I use cat food, but it's not the main part of the diet. For my RF and YF tortoises once week I soak Purina Pro Plan dry cat food until it's soft. For my box turtles, since I have cats and opening a can of food isn't wasteful, I pour off the juice/gravy from a can of cat food and mix the greens/veggies/fruit with the cat food juice. Since I'm only using it for scent, it doesn't matter if it's good quality or not.


----------



## Kapidolo Farms (Nov 19, 2018)

I use the organic no grains wet cat food from Costco. For red-foots, forest hinge-backs, and Manouria.

Like many foods people see the animal likes it and then overfeeds the food item. I also feed hard-boiled egg. 

It's all about moderation.


----------



## Pastel Tortie (Nov 30, 2018)

I'm glad all of you specified what species your answers apply to. @Eggsy mentioned box turtles, @Yvonne G mentioned redfoot and yellowfoot tortoises, and @Will mentioned redfoots, forest hinge-backs, and Manouria tortoises. 

@Eggsy - My thoughts are that you just have to read labels, unless you are using the juice only for smell and flavor like Yvonne does. 

For context, there's a recipe for a feeder cricket diet, based largely on dry cat food, online at www.anapsid.org.

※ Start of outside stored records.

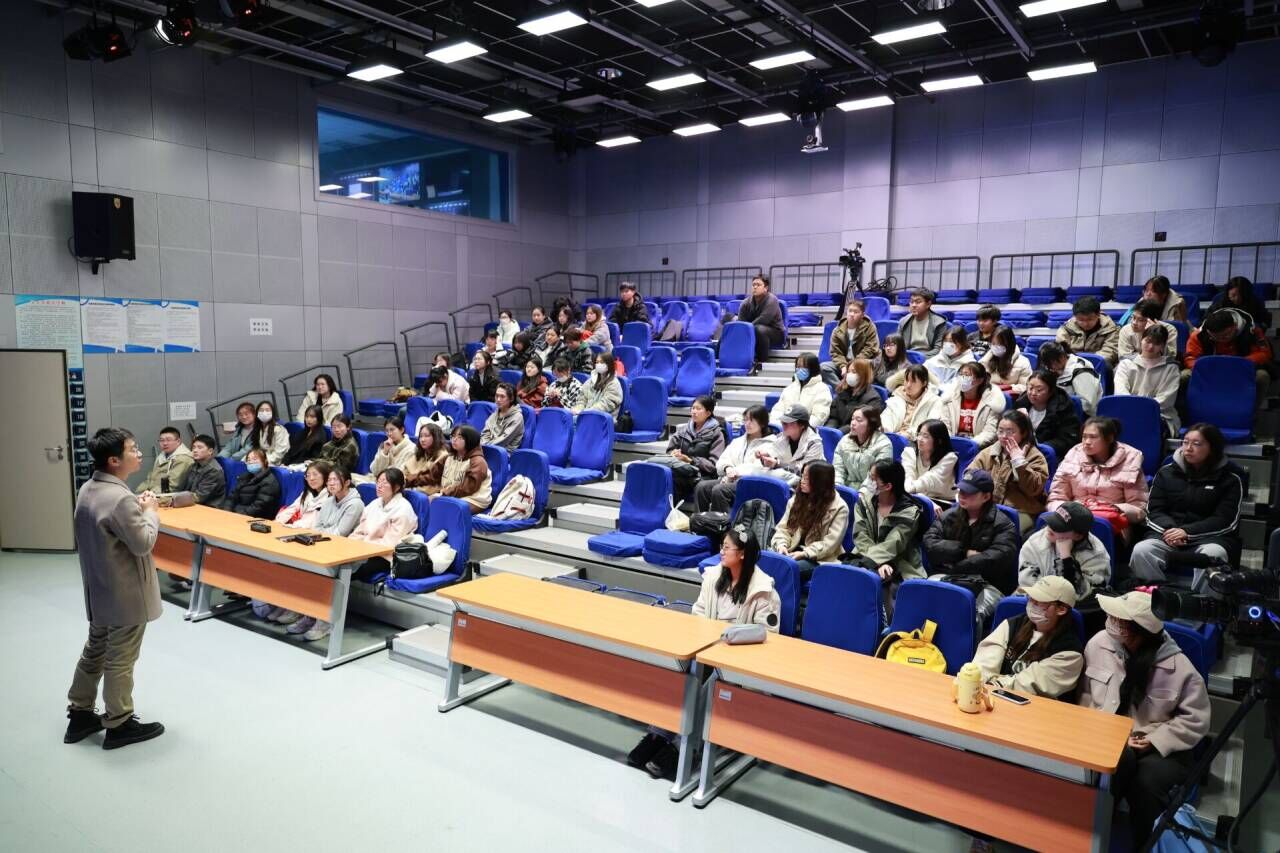 新闻传播系系主任孙浩担任主持。学院部分新闻学学生参与讲座。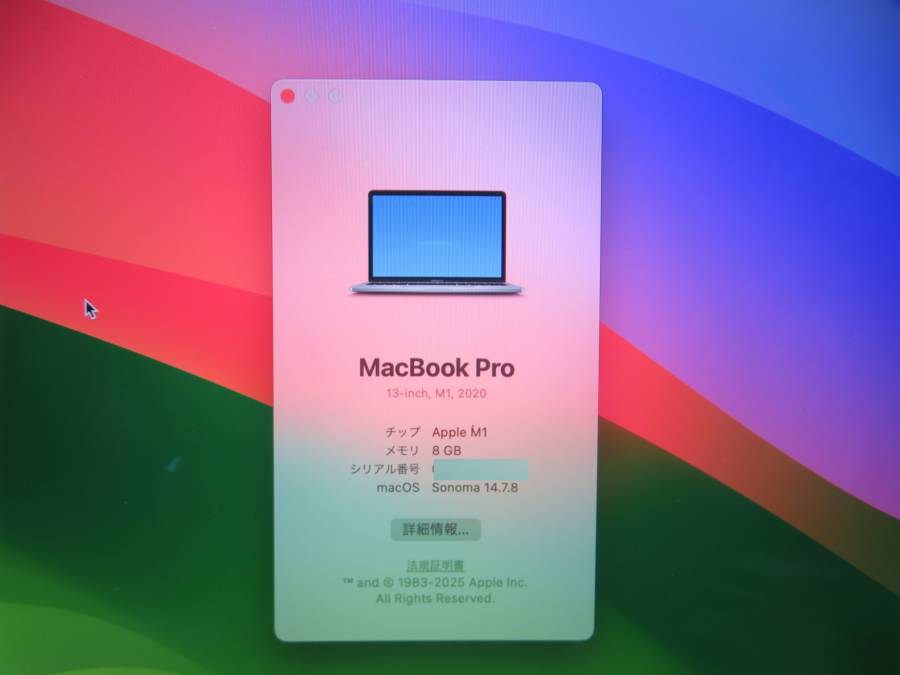 MacBook Pro A2338 ◆macOS Sonoma 14.7.8◆高速起動 Apple M1 (2020) / 8GB / PCI-e 256GB◆Office付◆13.3型 2K 收藏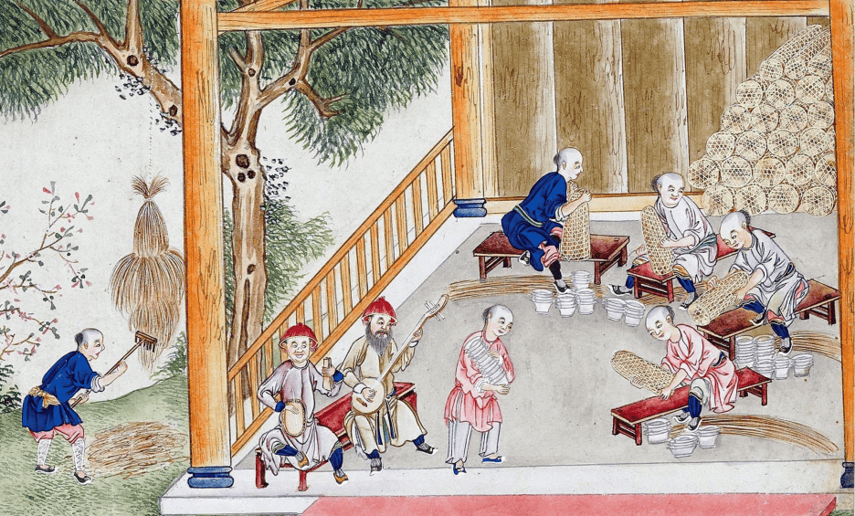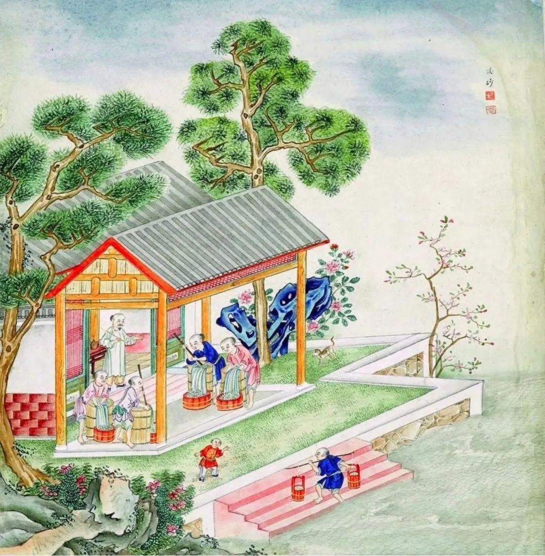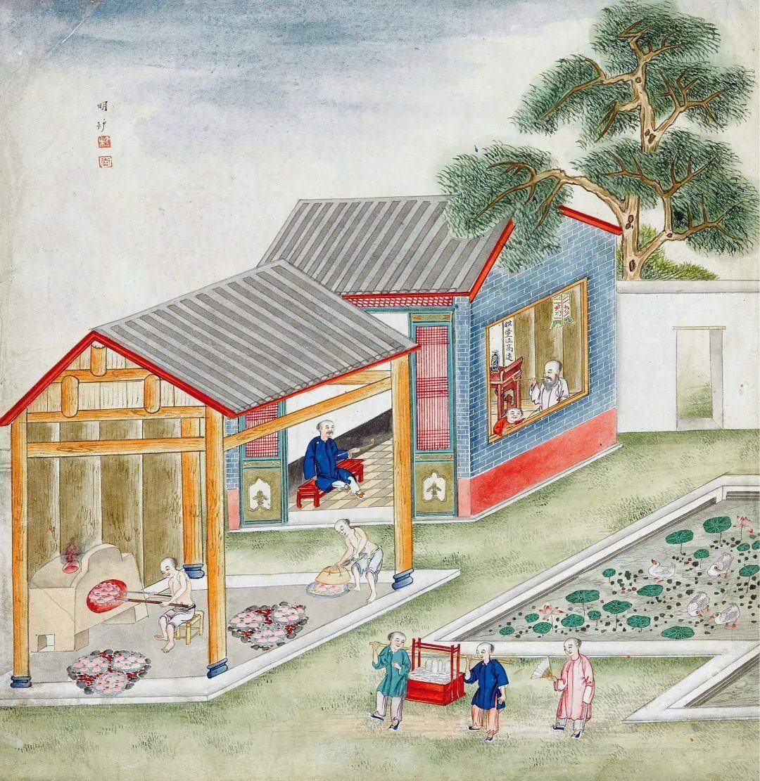 一般来说,清代工匠会用到几种上釉方法。一种是握住瓷胎圈足,将瓷坯浸入装满釉料的缸中,这是蘸釉法,也就是本图中所展现的画面。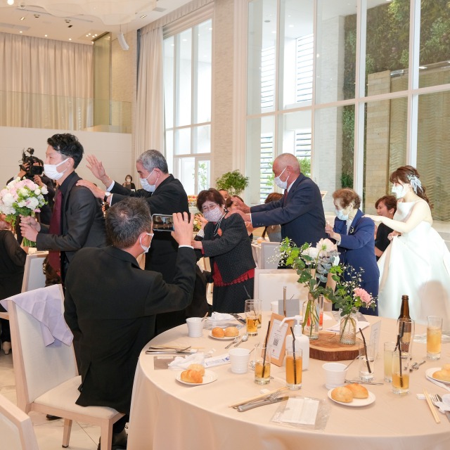 コロナ渦での結婚式披露宴となり,自分たちの身勝手で皆さんにご迷惑をおかけしているのではないかと,準備中は不安がたくさんありました。 周りの方々からの「楽しみにしているよ」「万全に感染対策,体調管理して出席するよ」との励ましの言葉で準備を前へ進めることができました。県外のゲストはほとんど招待できませんでしたが,出席できなかった親族友人に実弟や親戚の協力を得てインスタグラムやラインのライブ配信によってリアルタイムで私たちの晴れの姿を見ていただけることもできました。

Any reptile consuming a feeder insect ingests whatever that insect is gutloaded with, along with the insect. 

I'm probably asking a loaded question here, but (other than moisture), is there really that much difference between wet and dry cat food? (I know a lot about cats, but I don't know that particular answer.)


----------



## Tim Carlisle (Nov 30, 2018)

Years ago they sold a can of soft turtle food specifcally for box turtles. I used to mix that with a little dry cat food.


----------